EXCERPT: Edenton, North Carolina, March 23, 1940
The children knew it was finally spring, so although the air still held the nip of winter and the grass and weeds crunched beneath their feet, they ran through the field and woods, yipping with the anticipation of warmer weather. The two boys and their little sister headed for the creek, drawn to water, as they always were. The girl, only three and not as sure footed as her brothers, tripped over something and landed face-first in the cold water of the creek. Her big brother picked her up before she could start howling, cuddling her close against his thin jacket, a hand-me-down from one cousin or another. He looked down to see what she had stumbled over and leaped back, dropping his sister to the earth. Grabbing his younger brother’s arm, he pointed. It was a man, lying there, his rumpled clothes sopping wet and his face as white and waxy as the candles their mother kept around the house for when the electric went out, which was every other day, it seemed.
The younger boy backed away. ‘He alive?’ he whispered.
The little girl got to her feet and started moving toward the man, but her older brother grabbed her arm and held her back.
‘Uh-uh,’ he said. ‘He dead as a doornail. And look’ – he pointed – ‘his head all caved in.’
‘Let’s git outta here,’ the younger boy said, turning to run back the way they’d come, and his brother was quick to follow, holding their sister beneath his arm like a football. He knew they wouldn’t tell. Wouldn’t say nothing to their mama or no one. Because though they were young, one thing they’d already learned. Colored boy found with a dead white body? That didn’t look good to nobody.
ABOUT THIS BOOK: North Carolina, 2018: Morgan Christopher’s life has been derailed. Taking the fall for a crime she did not commit, she finds herself serving a three-year stint in the North Carolina Women’s Correctional Center. Her dream of a career in art is put on hold—until a mysterious visitor makes her an offer that will see her released immediately. Her assignment: restore an old post office mural in a sleepy southern town. Morgan knows nothing about art restoration, but desperate to leave prison, she accepts.
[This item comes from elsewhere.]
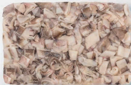
LIGNJA PATAGONICA kolutić krak Doryteuthis gahi

What she finds under the layers of grime is a painting that tells the story of madness, violence, and a conspiracy of small town secrets.
North Carolina, 1940: Anna Dale, an artist from New Jersey, wins a national contest to paint a mural for the post office in Edenton, North Carolina. Alone in the world and desperate for work, she accepts. But what she doesn’t expect is to find herself immersed in a town where prejudices run deep, where people are hiding secrets behind closed doors, and where the price of being different might just end in murder.
What happened to Anna Dale? Are the clues hidden in the decrepit mural? Can Morgan overcome her own demons to discover what exists beneath the layers of lies?
MY THOUGHTS: I read this book in two sittings, completely immersed in the story. I don’t quite know how to describe my feelings about this book. It is a ‘quiet’ read. It is not in your face, nor is it shocking. It is not exciting. It is compelling, richly detailed and flows beautifully between two timelines, the 1940s and 2018, gradually weaving disparate threads into a fascinating story connecting the characters of Anna Dale and Morgan Christopher.
While this is a ‘quiet’, it deals with some serious subjects – racism and other prejudices, rape, spousal abuse, and mental illness. The characters are strongly portrayed, my art education enriched.
This is only my second book by this author, and I am enamored. Big Lies in a Small Town is a compelling and enthralling read. I was heavily invested in the outcome. When I finished I just sat there, book clutched to my chest, smiling.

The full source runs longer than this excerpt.